▶ Action item: Reproduce exactly the lines below from the one containing "2020年的昙花林灯光秀,通" through the one containing "جاء التعبير عن", including both, and nothing else.

▶ The data:
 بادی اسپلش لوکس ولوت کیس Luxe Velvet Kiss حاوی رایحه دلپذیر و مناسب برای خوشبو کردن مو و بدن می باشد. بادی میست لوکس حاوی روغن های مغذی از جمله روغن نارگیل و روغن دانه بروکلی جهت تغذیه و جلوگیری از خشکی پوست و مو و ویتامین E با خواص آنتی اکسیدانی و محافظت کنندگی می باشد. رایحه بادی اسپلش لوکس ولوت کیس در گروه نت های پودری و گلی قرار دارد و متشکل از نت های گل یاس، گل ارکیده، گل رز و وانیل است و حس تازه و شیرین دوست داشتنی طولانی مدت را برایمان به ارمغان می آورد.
---
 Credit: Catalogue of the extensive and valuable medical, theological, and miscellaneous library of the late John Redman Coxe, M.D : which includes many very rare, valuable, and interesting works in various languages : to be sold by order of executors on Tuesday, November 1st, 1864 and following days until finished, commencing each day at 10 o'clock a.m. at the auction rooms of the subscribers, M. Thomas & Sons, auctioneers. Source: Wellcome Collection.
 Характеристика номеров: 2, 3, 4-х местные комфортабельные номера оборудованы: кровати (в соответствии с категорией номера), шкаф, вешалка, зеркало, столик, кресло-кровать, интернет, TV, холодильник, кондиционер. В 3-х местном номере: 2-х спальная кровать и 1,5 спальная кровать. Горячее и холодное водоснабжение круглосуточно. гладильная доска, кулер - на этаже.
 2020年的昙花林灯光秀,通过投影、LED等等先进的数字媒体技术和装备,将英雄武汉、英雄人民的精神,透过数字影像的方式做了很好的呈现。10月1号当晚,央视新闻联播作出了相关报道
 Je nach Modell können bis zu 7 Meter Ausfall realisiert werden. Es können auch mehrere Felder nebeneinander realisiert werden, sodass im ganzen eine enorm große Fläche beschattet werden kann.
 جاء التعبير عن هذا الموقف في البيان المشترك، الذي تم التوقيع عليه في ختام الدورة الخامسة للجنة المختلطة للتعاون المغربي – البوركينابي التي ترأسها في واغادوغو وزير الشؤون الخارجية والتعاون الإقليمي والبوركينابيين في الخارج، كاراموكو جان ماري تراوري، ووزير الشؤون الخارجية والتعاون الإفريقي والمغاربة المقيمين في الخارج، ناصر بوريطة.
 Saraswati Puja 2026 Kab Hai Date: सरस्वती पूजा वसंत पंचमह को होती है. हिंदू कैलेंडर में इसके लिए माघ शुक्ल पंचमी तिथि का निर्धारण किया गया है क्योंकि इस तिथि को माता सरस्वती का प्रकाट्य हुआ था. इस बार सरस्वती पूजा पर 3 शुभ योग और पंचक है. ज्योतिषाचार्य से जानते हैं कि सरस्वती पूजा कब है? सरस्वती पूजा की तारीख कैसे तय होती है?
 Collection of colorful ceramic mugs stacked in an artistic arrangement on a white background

▶ Response to this exercise:
 2020年的昙花林灯光秀,通过投影、LED等等先进的数字媒体技术和装备,将英雄武汉、英雄人民的精神,透过数字影像的方式做了很好的呈现。10月1号当晚,央视新闻联播作出了相关报道
 Je nach Modell können bis zu 7 Meter Ausfall realisiert werden. Es können auch mehrere Felder nebeneinander realisiert werden, sodass im ganzen eine enorm große Fläche beschattet werden kann.
 جاء التعبير عن هذا الموقف في البيان المشترك، الذي تم التوقيع عليه في ختام الدورة الخامسة للجنة المختلطة للتعاون المغربي – البوركينابي التي ترأسها في واغادوغو وزير الشؤون الخارجية والتعاون الإقليمي والبوركينابيين في الخارج، كاراموكو جان ماري تراوري، ووزير الشؤون الخارجية والتعاون الإفريقي والمغاربة المقيمين في الخارج، ناصر بوريطة.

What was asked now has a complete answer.